A train of four giant mantas charges overhead, and it’s not a freak encounter. The site’s full name is Manta Alley, but superstition has local guides simply calling it the Alley lest the wonders fail to appear, which is rare. Right now, 15 of them — each roughly 12 feet across — are winging laps around Langkoi Rock, a craggy pinnacle of the south side of Komodo, the Indonesian island best known among nondivers for dragons. As for the mantas, they’re here when cold water is, pushing in plankton. And the action is nonstop.

Being in the shadow of beings so large and powerful is humbling. It’s why Noh Atta Abola, steering mate of the M/V Komodo Dancer, is kneeling on the sand, arms overhead. He can’t help the visceral gesture of awe.

The big stuff, from mantas to mola mola, is just part of the reason experienced divers consider Indonesia — and this luxury vessel — the trip of a lifetime. It’s a reward best appreciated after countless hours logged over reefs, learning to identify enough fish species to appreciate the record-setting biodiversity of this underwater Amazon. Moreover, participants need skills honed for the sometimes challenging conditions, from down-currents to drift dives ending in open water.

The 10-day voyage I’ve just begun starts on the island of Flores, 36 hours by boat if traveling nonstop to the end point of Bali, itself a destination most lengthen their trips to experience. Before I embarked, I had wanted to revel in the magic of the place, devoting a week to touring the incense-heavy temples —local myth alleges Bali has a thousand.

The dive trip will be a whirlwind. The itinerary promises a parade of wonders so large it’ll take work to keep pace, and so small it’s a hunt to acknowledge their presence. I imagine it’ll feel much like standing before the ornate temple altars — like what Abola experienced today: a feeling of awe so overwhelming you can’t help but be brought to your knees.

NIGHTLY SHOWINGS

It’s just after sunset, and Rob Morgan-Grenville is briefing us on a site called Circus, supposedly one of the trip’s best night dives. But after he uses the words sand, rock and coral rubble, I debate tugging on a damp wetsuit.
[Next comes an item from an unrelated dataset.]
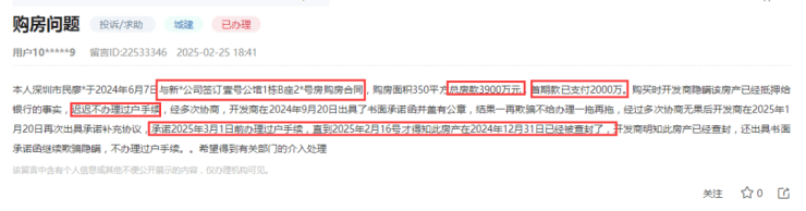 在@深圳领导留言板平台有一则市民留言,称自己花重金买一套无法过户的“糟心房”。

“It’s not the pretty corals we’ve been seeing all week,” Morgan-Grenville admits, referring to sites like Crystal Rock, where every inch of coral is alive, supporting anthias and schools of rainbow runners so thick they obscure any divers among them in the water column.

But muck diving is one of the main attractions of Indonesia. The only possible reason to skip it is a cold Bintang beer — unlimited for guests. But the stocked fridge will wait, so I opt in.

We start by hunting stargazers. Earlier, guide Gede Merta had shown pictures: The fish buries itself in the muck. Only its face — bug eyes and a frowning underbite of corn-kernel teeth — is visible.

I find nothing but broken coral bits until he shakes his dive light, commandeering our attention. Then he aims a wire pointer at the black sand.

The alien is no bigger than a baseball. It’s a lesson repeated when Merta points out a bobtail squid, no bigger than a bumblebee. I think it’s a juvenile till later that night, when we gather in the salon to pore over the Reef Creatures book.

Turns out, bobtail squid are no bigger than golf balls, making their sparkling iridescence somehow more magical.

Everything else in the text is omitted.